MySpace to Cut Two-Thirds of Staff Outside U.S.

MySpace to Cut Two-Thirds of Staff Outside U.S.



PARIS — MySpace, the online music sharing and networking service owned by News Corp., said Tuesday that it planned to close at least four international offices and eliminate two-thirds of its staff outside the United States as it tries to adjust to slowing audience growth and falling advertising. The decision reflects the service’s difficulty in competing with Facebook, whose international audience dwarfs that of MySpace, as well as local players and newly popular services like Twitter, analysts say.


“Facebook seems to have been better at opening up its appeal to more age groups, in more markets,” said Karin Von Abrams, an analyst at eMarketer, a research firm. “Once the momentum begins to build for one site, there’s a kind of self-fulfilling prophecy to it.”

MySpace said that it intended to cut 300 of 450 jobs outside the United States. The announcement followed news this month of plans to cut about 400 jobs in the United States, about 30 percent of the total there.

“As we conducted our review of the company, it was clear that internationally, just as in the U.S., MySpace’s staffing had become too big and cumbersome to be sustainable in current market conditions,” said Owen Van Natta, chief executive of MySpace. Mr. Van Natta, a former Facebook executive, was named to the post in April, succeeding Chris DeWolfe, a co-founder of MySpace.

In May, MySpace had 125 million users ages 15 and older, nearly half of them in the United States, according to ComScore, an online audience measurement service. Facebook had 316 million users, nearly four-fifths of them outside the United States. Over the past year, Facebook’s user numbers have grown by 155 percent, according to ComScore, while MySpace’s ranks have grown by only 9 percent. Despite their popularity, social networks have been slow to attract paid advertising — in part, analysts say, because marketers can use these services more effectively by getting users themselves to spread the word about a music band or a brand.

MySpace, which News Corp. acquired for $580 million in 2005, still collects more advertising than any other social networking site, but sales are falling. EMarketer predicts that MySpace’s ad revenue this year will drop to $520 million from $605 million last year. And outside the United States, advertising has barely caught on; EMarketer expects it to total only $25 million this year.

Facebook does not report its advertising revenue, but EMarketer estimates that it will collect a world total of $300 million this year, up from $250 million in 2008, with non-U.S. markets expected to contribute $70 million of that, up from $40 million last year.

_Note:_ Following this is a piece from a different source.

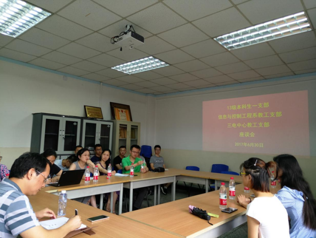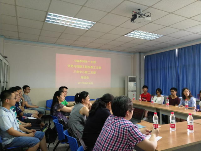 2017年6月30日,公司党委信控系教工支部、三电中心教工支部与13级本科生一支部举行毕业座谈会,参会人员包括信控系教师焦尚彬、季瑞瑞、辛菁、李生民、马炫、刘庆丰,三电中心教师王馨梅、邢楠、阎晓妹,学工办杨红娟老师以及13级本科生一支部的员工党员代表。

Under the reorganization, MySpace said it would put offices in Argentina, Brazil, Canada, France, India, Italy, Mexico, Russia, Sweden, and Spain “under review for possible restructure.” At least four of the offices will be closed, and offices in London, Berlin and Sydney will become regional hubs, MySpace said, adding that the plans were subject to consultation with employees in some of the countries.

Despite its far greater user numbers, Facebook has a significantly smaller international footprint than MySpace, with offices in Britain, Ireland and France. In some big markets, like Germany, both MySpace and Facebook have struggled to catch up to local players like StudiVZ and Wer-Kennt-Wen.

Meanwhile, the fastest-growing major social networking service worldwide has been Twitter, whose user numbers have grown more than tenfold over the past year, to 37 million in May, according to Comscore.

News Corp. said Tuesday that it had named Rebekah Wade, editor of the British tabloid The Sun, as chief executive of its British newspaper arm, starting Sept. 1, Reuters reported from London.

As head of News International, Ms. Wade would continue to report to James Murdoch, News Corp.’s chairman and chief executive Europe and Asia, who will also become executive chairman of News International from the same date, the company said.